Это как наличие новых возможностей в электронной игре.
* * *
В то время, когда генералы смотрели передачу и размышляли, Мельников и Булыгин-Мостовой были уже на пути в Ставку…
* * *
Что?
Уже родила, или бред еще продолжается?
Катюша медленно отходила после наркоза.
Она вдруг почему-то вспомнила, как какая-то школьная ее подружка, поступившая на исторический в их местном «педе», рассказывала, что римлянки в древности рожали стоя, что их для этого привязывали за кисти рук и подвешивали к потолку…
Первой к ней пустили Лиду.
Служанку ее.
– Поздравляю, мальчик у тебя, хорошенький! Сейчас тебе принесут, – сказала Лида, целуя госпожу. – Пятьдесят один сантиметр, три семьсот… Как назовешь-то?
– Сашей, – тихо ответила Катя. – Сан Санычем он у нас будет.
– А ты хотела мальчика? – спросила Лида – Мы вот с первым моим мальчика хотели, а получилась девочка.
– Где она теперь? – спросила Катя.
– Здесь, при пекарне служит… Хлеб местный печь обучается. Сыта, накормлена, обута, одета, никто к ней не пристает, я спокойна…
Катя взяла Лиду за руку – все будет хорошо, дорогая моя, я верю, мне видение было.
* * *
А Кате, и правда, было видение, когда она от наркоза отходила.
Привиделось ей, что сидит она не то в Георгиевском, не то в каком ином из парадных залов Кремля, сидит в кресле, одна, подле нее столик маленький с телефоном, таким, какие она видала по телевизору на столах у самого высокого начальства, такой старомодный светленький телефонный аппарат с гербом вместо диска… А надето на Кате платье, очень странное, вроде как даже и не платье, а шуба.
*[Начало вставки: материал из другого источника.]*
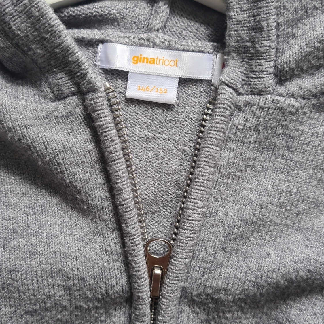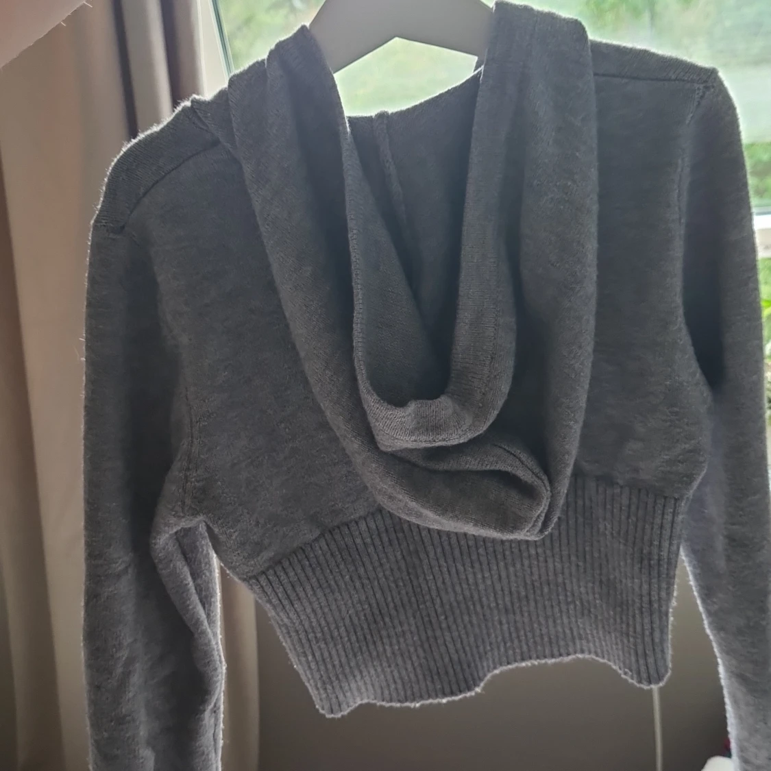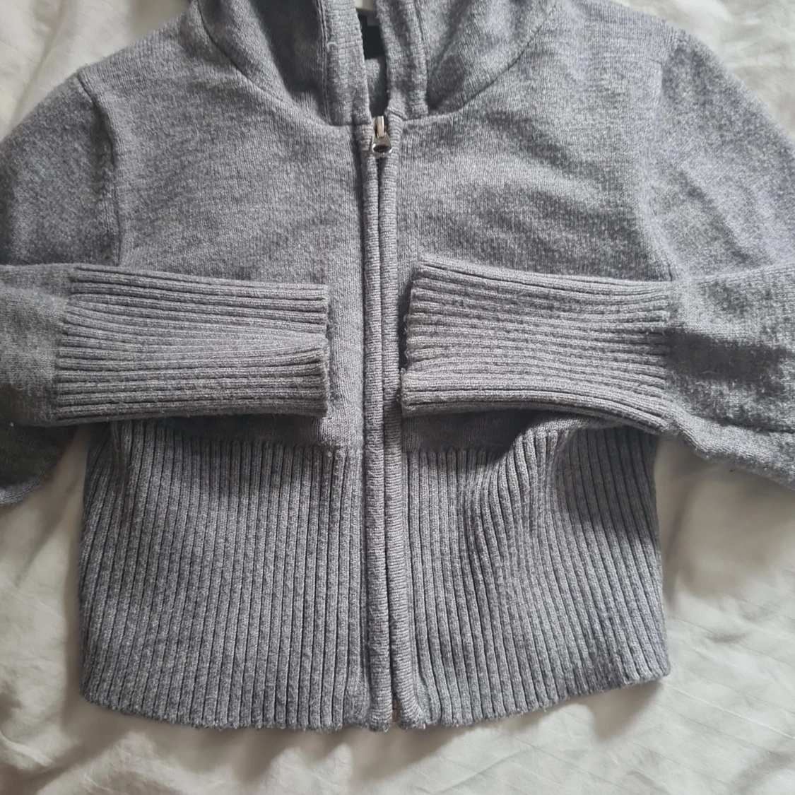 Mysig grå hoodie från Gina Tricot med dragkedja framtill och huva🩷Tröjan är stickad med bred ribbad kant nedtill och vid ärmsluten, vilket ger en snygg och trendig look. Super skönt material och bara använt cirka 5 gånger🩷

Причем явно белая, с темными пятнами, такая, какую Катя видела на портретах французских королей. Горностаевая называется.
И тут начинает играть гимн, в зал входят солдаты в парадной форме с аксельбантами и с палашами наголо, Катя поднимается с кресла, а из парадных дверей навстречу ей выходит президент.
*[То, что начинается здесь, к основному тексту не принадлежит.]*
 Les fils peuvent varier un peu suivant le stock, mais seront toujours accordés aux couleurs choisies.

Выходит и почему-то начинает называть ее мамой.
Наш нынешний президент – и вдруг ее, Катю, мамой называет. Обращается к ней так уважительно, а Катю это отчего-то и не удивляет. Она совершенно спокойно принимает все знаки внимания, которые оказывает ей хозяин Кремлевского дворца, и даже вдруг, поддерживая правши игры, называет президента сыном и, протянув руку, поправляет ему ворот рубашки…
И тут еще новое действие.
Снова играет гимн, и в зал из той же двери входит ее муж – Саша.
На Саше камуфляжная форма с погонами и несколько медалей на груди.
И Саша ей говорит:
– Гляди, Катюша, как вырос наш сын!
Катя вгляделась в лицо президента и вдруг поверила, что это их с Сашей сын.
А почему бы и нет? Если Саша так говорит?
А сын, то есть президент, достает из внутреннего кармана пиджака какой-то конверт и говорит:
– Дорогие мои папа и мама, от лица страны поздравляю вас со спасением нашей Родины от нашествия басурман… – И протягивает Кате конверт.
Она раскрывает его, а там какой-то документ, написанный характерной вязью, на арабском…
И президент ей говорит:
– Мама, а у меня ведь два хозяина?
* * *
По дому прокатился шум.
Хозяин приехал!
* * *
На первое был доклад профессора Булыгина-Мостового.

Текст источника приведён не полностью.